Tutto ciò è accompagnato da un fenomeno che è ancora più inquietante dei fatti ricordati. Mi riferisco al culto della personalità, che è un dato che contraddistingue tutti i "regimi" storicamente conosciuti. Il rapporto fra il leader di Forza Italia ed i suoi seguaci è caratterizzato da un culto totalmente acritico della sua persona. Abilmente costruito, radicato in un sistema di valori che grosso modo si identifica con la cosiddetta cultura di impresa, tale culto è assoluto e non ammette riserve. Trova riscontro, in una miniatura più grossolana, nell’identico rapporto fideistico che i leghisti hanno con Bossi. La presenza di questi personaggi variamente istrionici conferisce un’altra pennellata allarmante ad un quadro di incipiente regime.

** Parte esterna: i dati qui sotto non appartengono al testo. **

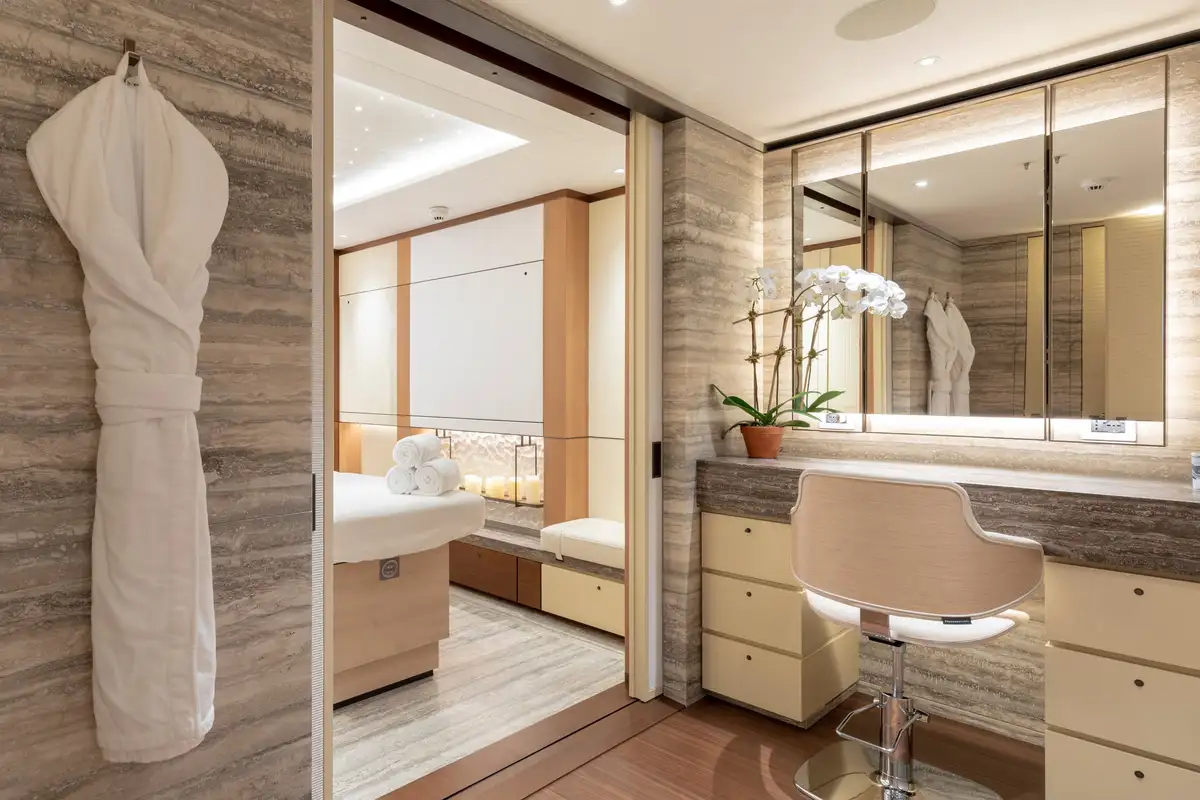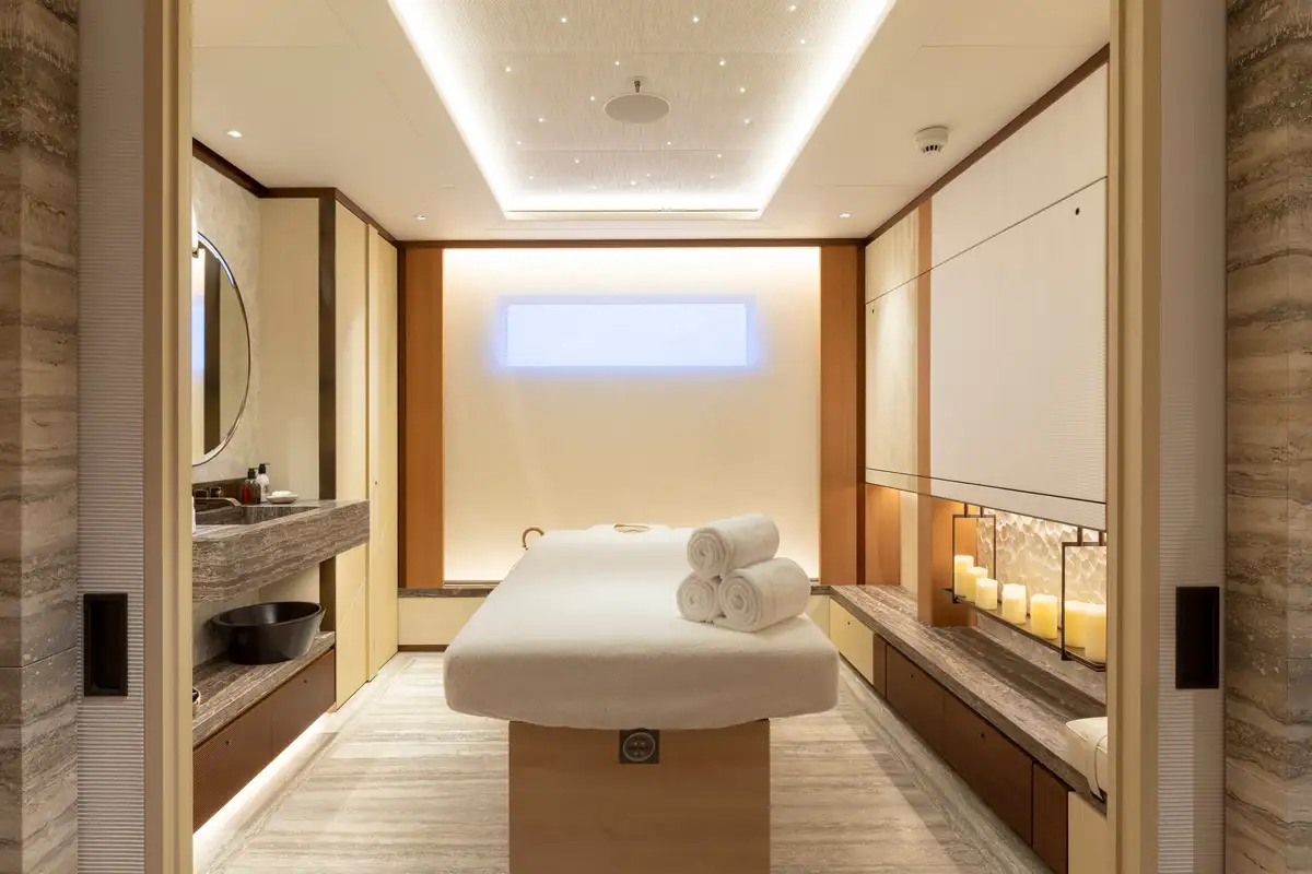 Also on the lower deck is the beautiful wellness spa complete with a massage room, hairdressing salon and shower where guests can unwind and let the cares of the day ease away.

Ci ripara la cornice europea, che rende difficile se non impossibile instaurare un "regime" in un paese solo. E’ per questo che Bossi recalcitra contro l’Europa, sproloquiando nel suo gigionesco linguaggio. Non vi sarebbe motivo di preoccuparsene troppo se fosse il buffone di Corte. Ma è un ministro della Repubblica premurosamente coccolato dal capo nel governo.
Ci rassicura anche il risveglio del popolo di sinistra che abbiamo visto affollare i teatri e le piazze in questi ultimi giorni (Le emozioni di Roma). Sia i moti spontanei o autoconvocati, sia la grande manifestazione dell’Ulivo hanno rivelato l’esistenza di un insospettato fervore civico di vaste dimensioni. Evidentemente le prove generali di "regime" messe in atto da questo governo hanno scosso dall’apparente torpore moltitudini insperate di cittadini, tanto da indurli a scrollarsi di dosso l’inerzia soporifera generata dai partiti di opposizione ancora frastornati per la sconfitta elettorale.
Non so se l’Italia s’è desta. Certamente si è fatta avanti un’Italia diversa da quella berlusconide. Ancora una volta possiamo dire che la politica è una cosa troppo importante per lasciarla fare solo ai politici.